Thought of in the “Greek” way, forgetting thus means to fall out of keep of one’s own lack of protection of the Heimat, whereas the Heimat also and by the same token becomes unprotected or fallen out of keep of the person. This falling out of keep in the relation to the Heimat means that the Heiman has also fallen out of keep, and no recollection of the traveler about his/her homeland, nor the homeland memorialization of its hero travelers, can help: the homeland falls out keep. The double falling out of keep furthers the person in the darkening (Verbeiterung, idem9).
This is why, when away from the homeland, humans, despite their most sincere efforts to remember, can and indeed are destined to forget, Heidegger concludes. For him, this conclusion means that, in such an arrival into the darkening of being away from the homeland (which means into a nationalized or national-socialized exterritoriality), something that was accessible and permissible to the humans and even already transferred to them becomes moved away from them; yet, this moving away works and remains unwatched and out of keep (verborgen bleibt). Forgetfulness (Vergessenheit) is, thus, the condition of the humans who, unwatched and unguarded, run out of keep in their relation to the Heimat (Heidegger 2020, p. 943).

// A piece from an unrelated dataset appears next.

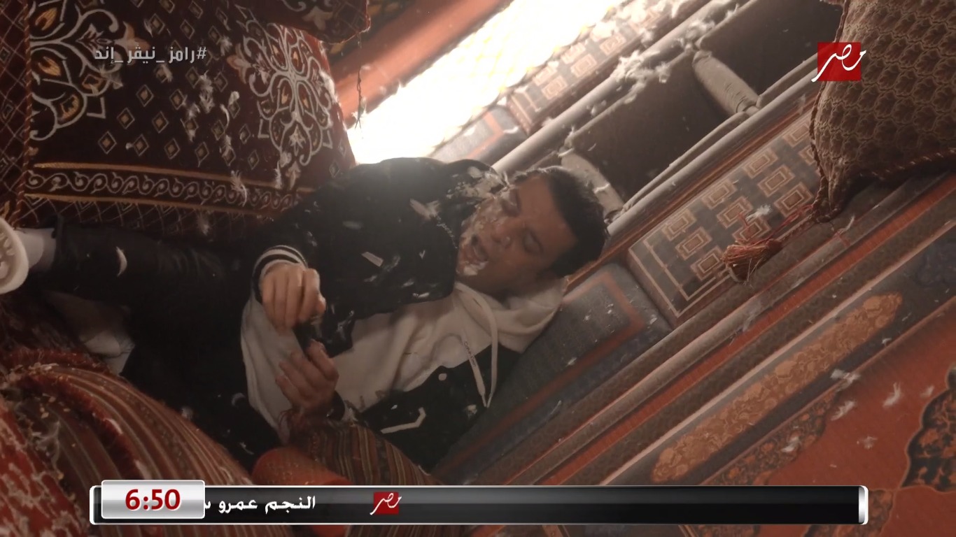 كما ظهر الفنان محمد رمضان في حالة رعب بسبب مقلب “الغسالة” كما هاجمه ثور خلال جلوسه في أحد المطاعم، وتوعد رامز جلال في بداية الحلقة بأنه سيقضي على أسطورة نمبر وان.

3.6. Homeland-Forgetting in Travel and a Traveling Home-Land

In short, forgetfulness for Heidegger is (a) a condition of having fallen out of keep of the Heimat with the Heimat having fallen out of keep and (b) this condition having fallen out of keep of the humans as well. This is not a “an experience of the soul” in which something disappears and/or is erased from memory without return, but rather a human status of having fallen out of keep. If you are elsewhere outside of your Heimat, one can say in a diaspora at this point, you are risking being forgotten, which means risking having fallen out of keep in the condition of unguarded forgetfulness.
Such a result, as provisional as it might be, posits a problem: the traveling homeland becomes an impossibility, for it entails a delocalization with and despite all the efforts to re-localize. A traveling homeland remains a form of forgetting. A traveling homeland for Heidegger would still mean “verborgen bleiben”. The question therefore becomes: can Talmud overcome this impossibility of the traveling homeland? How can Talmud undo the fate of forgetting, which any travel and any exterritorialization or ex-localization tacitly brings?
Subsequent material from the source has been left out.